At the same time fog computing is also part of the broader definition and evolution of cloud which IDC calls Cloud 2.0 and encompasses industry clouds and cloud everywhere, including fog.

Edge computing, as a term and an architecture as said exists since longer. However, in the scope of the Industrial IoT edge computing is focused on devices and technologies that are attached to the things in the Internet of Things as this blog post from GE explains. An example of such devices: industrial machines. Fog networks on the other hand focus more on the edge devices that speak to each other, including IoT gateways GE further explains and as you can read below.

As the IoT is all about connecting what was previously unconnected in order to acquire, analyze and leverage data from the assets and devices that contribute to our goals (and still then, a lot of it remains unused) then all the data from connected assets, which could be those industrial machines such as robots, generators, intelligent building components, anything really, we need an architecture to enable this. Both fog computing and edge computing are such architectures with a few essential goals: speed in general and in critical or remote contexts; saving bandwidth, storage, time and costs by limiting the data that needs to be transmitted (as we moved the intelligence to the edge instead and, by definition, decrease network latency).

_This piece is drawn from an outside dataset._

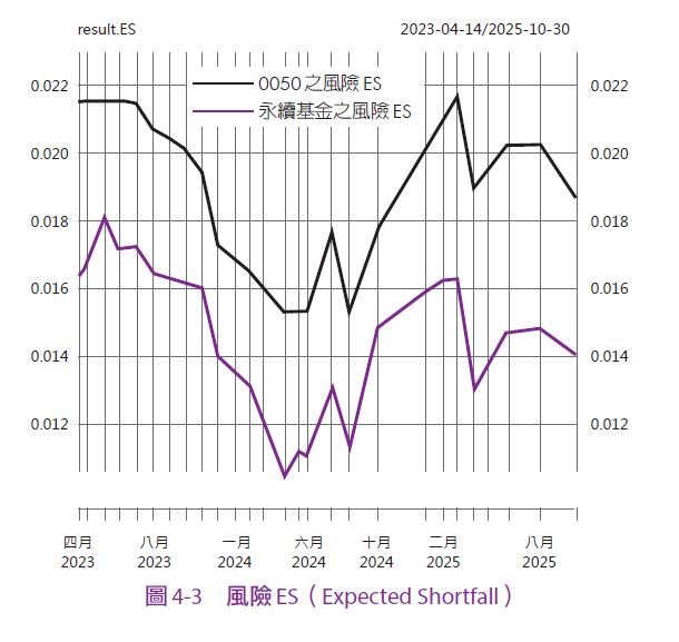 從風險 ES 圖可以看出投資組合的風險值變化,風險值愈低,代表整體部位所承擔的市場風險愈小。圖中顯示,代表清華永續基金的風險值曲線,長期穩定位於 0050 之下,意味永續基金在多數時間承受的市場波動明顯低於大盤。
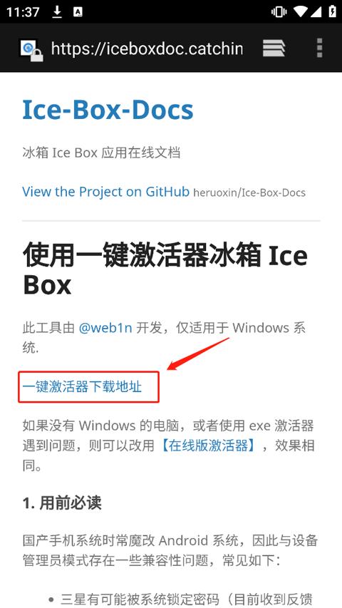 5、点击后会跳转至浏览器,将跳转后的链接复制到电脑上,打开后点击一键激活器下载地址,将冰箱激活器下载到电脑上

The difference between the two architectures, fog computing and edge computing, resides in where the intelligence and computing power needed to achieve all those goals sits, as is tackled in this great article where David King of FogHorn Systems and Matt Newton of Opto 22 explain it to author David Greenfield.

In a nutshell, quoting, “edge computing pushes the intelligence, processing power and communication capabilities of an edge gateway or appliance directly into devices like programmable automation controllers” (compare with the GE post). Fog computing, fog networking or fogging on the other hand brings the intelligence to the local area network level and the device or thing, whereby data gets processed in a fog node or in an IoT gateway.

OK, there is more to it than that (both do have their proponents) but hopefully we can now speak about edge computing, knowing that at least we said there is a difference. The main thing to remember? Edge computing is key for IoT and intelligence is shifting to the edge. And data, speed and analytics are important.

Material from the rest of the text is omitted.